3 08 2010

Czeslaw Milosz was an author I was forcibly introduced to in Berkeley back in 2006.  I was distracted at the time by the usual things, and when the deadline came for reading his Visions of San Francisco Bay, I must admit I did him far less than justice.  However, I’ve decided to redeem that summer, so I bought one of his books.  In it, I read what instantly become one of my favorite pieces ever:

To get up in the morning and go to work, to be bound to people by the ties of love, friendship, or opposition — and all the time to realize that it was only meanwhile and make-believe.  For in him hope only was permanent and real, so strong that he was impatient with living.  He was to catch now, in a minute — to catch what?  A magic formula which contains all the truth about existence.  He would brush his teeth and it was just there, he would take a shower and practically pronounce it, had he not taken a bus, it would have revealed itself, and so on all day long.  Waking up at night, he felt he was working his way toward it through a thin curtain, but then, in that striving, he would fall asleep.

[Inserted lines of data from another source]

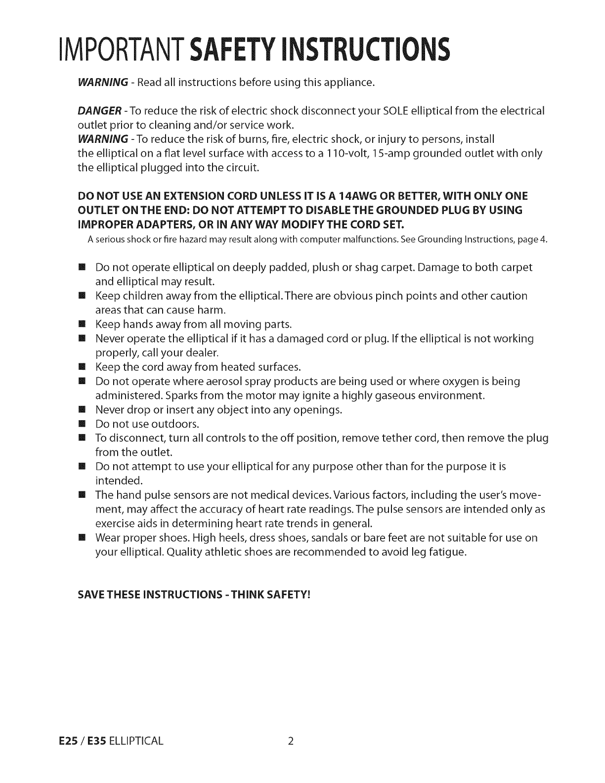 SAVE THESE INSTRUCTIONS =THINK SAFETY!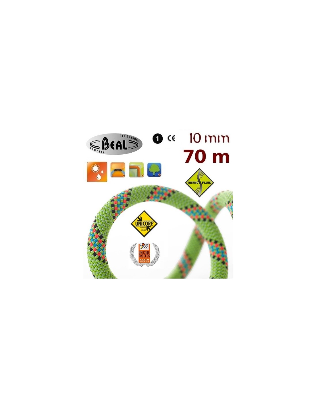 Cuerda dinámica polivalente para uso en simple, de eficacia probada, que integra todos los beneficios de seguridad y trazabilidad de las cuerdas Beal, y además incorpora el tratamiento impermeabilizante de la funda "Dry Cover" de Beal (DCVR).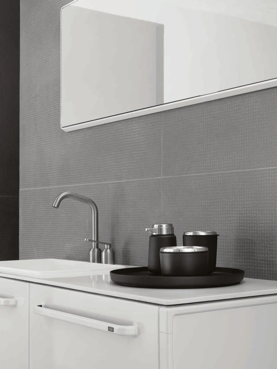 Vipp tandbørstekruset er designet med en todelt gummiindsats og en skridsikker gummibund, der beskytter overflader. Alle gummidele kan rengøres i opvaskemaskinen. Materialevalg og formsprog matcher både sæbeskålen og sæbedispenseren og understreger det tydelige slægtskab på tværs af Vipp kollektionen. En af de vigtigste funktionaliteter ved designet af tandbørstekruset er, at man kan skille de enkelte elementer fra hinanden for praktisk og ordentlig rengøring. Samtidig vidner komponenternes indbyrdes pasning om et produkt, der er udført i gedigne kvalitetsmaterialer med lang levetid’ – Morten Bo Jensen, chefdesigner.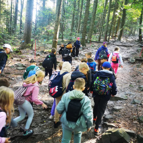 W bezchmurnej aurze każdego z nas zachwyciła przyroda Świętokrzyskiego Parku Narodowego. Najwyższy szczyt Gór Świętokrzyskich o wysokości 614 m n.p.m. - Łysica, choć momentami z trudniejszymi fragmentami szlaku, sprawiła, że na twarzach dzielnych uczniów pojawił się uśmiech.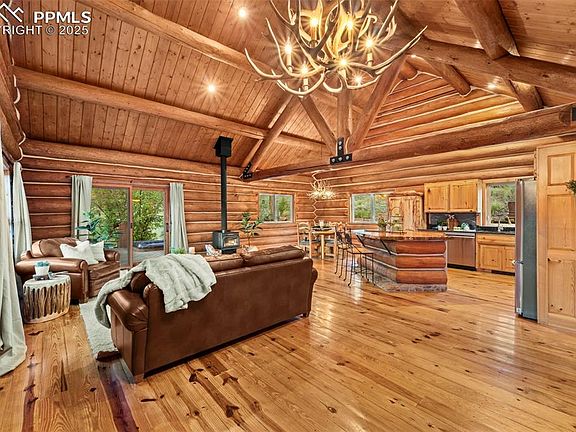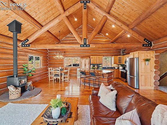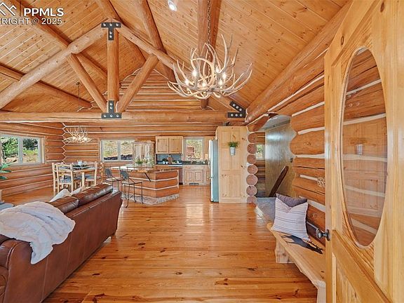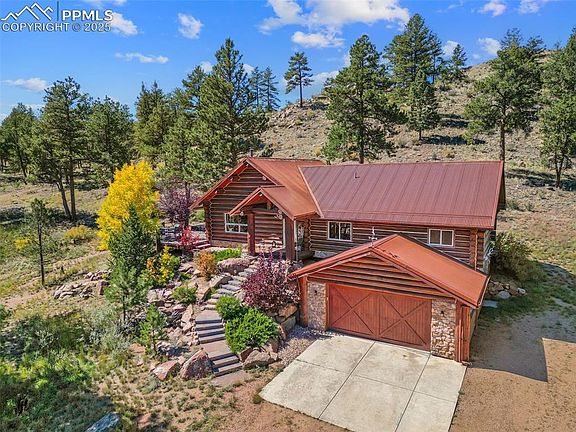 Welcome to your dream mountain getaway! 3 BR, 3 BA, 2,942 SF log home on 20 pristine acres in the serene landscape of Lake George, CO. Conveniently located 6 minutes from Highway 24, it strikes the perfect balance between accessibility and seclusion, offering a true escape from the hustle and bustle of daily life. Lovingly maintained by its original owner, this custom-built home is a testament to craftsmanship and attention to detail. Standout features include a stunning custom live-edge log island with hand carvings and chiseled granite backsplash designed to mirror mountain silhouettes. The open-concept kitchen, dining, and living area boasts new appliances, custom chandeliers, and a log-beamed ceiling, blending rustic charm with contemporary comfort. The fully finished walk-out basement adds an extra layer of versatility to this home. One of the key advantages of this home is the natural thermal mass of the logs, allowing them to collect and store energy, radiating warmth during cooler months and helping to keep the interior cool during summer. Enjoy a comfortable indoor environment year-round as the home’s natural insulation helps maintain consistent temperatures in all seasons. Surrounded by national forest on two sides, this property offers unparalleled privacy and direct access to nature. The grounds are fire-mitigated for safety, while a spacious 36’x60’ fully finished shop provides ample room for projects and storage. A sportsman’s paradise with no restrictive covenants or HOA’s. It shares a border with the expansive 1,000,000-acre Pike National Forest, perfect for ATV adventures and direct access to the South Platte River, known for its extensive trout fishing. This property is just 10 minutes from 11 Mile Canyon, and 30 minutes from 11 Mile and Spinney Mountain Reservoirs, as well as the Dream Stream. Big game hunters will find themselves in trophy game territory, with GMUs 511, 51 and 501 nearby. The perfect blend of luxury, charm, and adventure awaits!

He did not regard kindly this affliction of his.  He agreed with the opinion that he should be here — entirely present, in a given place and moment, attentive to the needs of those who were close to him and fulfilling their expectations.  To think that they were just for meanwhile and that he practiced with them a make-believe was to harm them, yet he was unable to renounce the thought that, really, he had no time for life with them.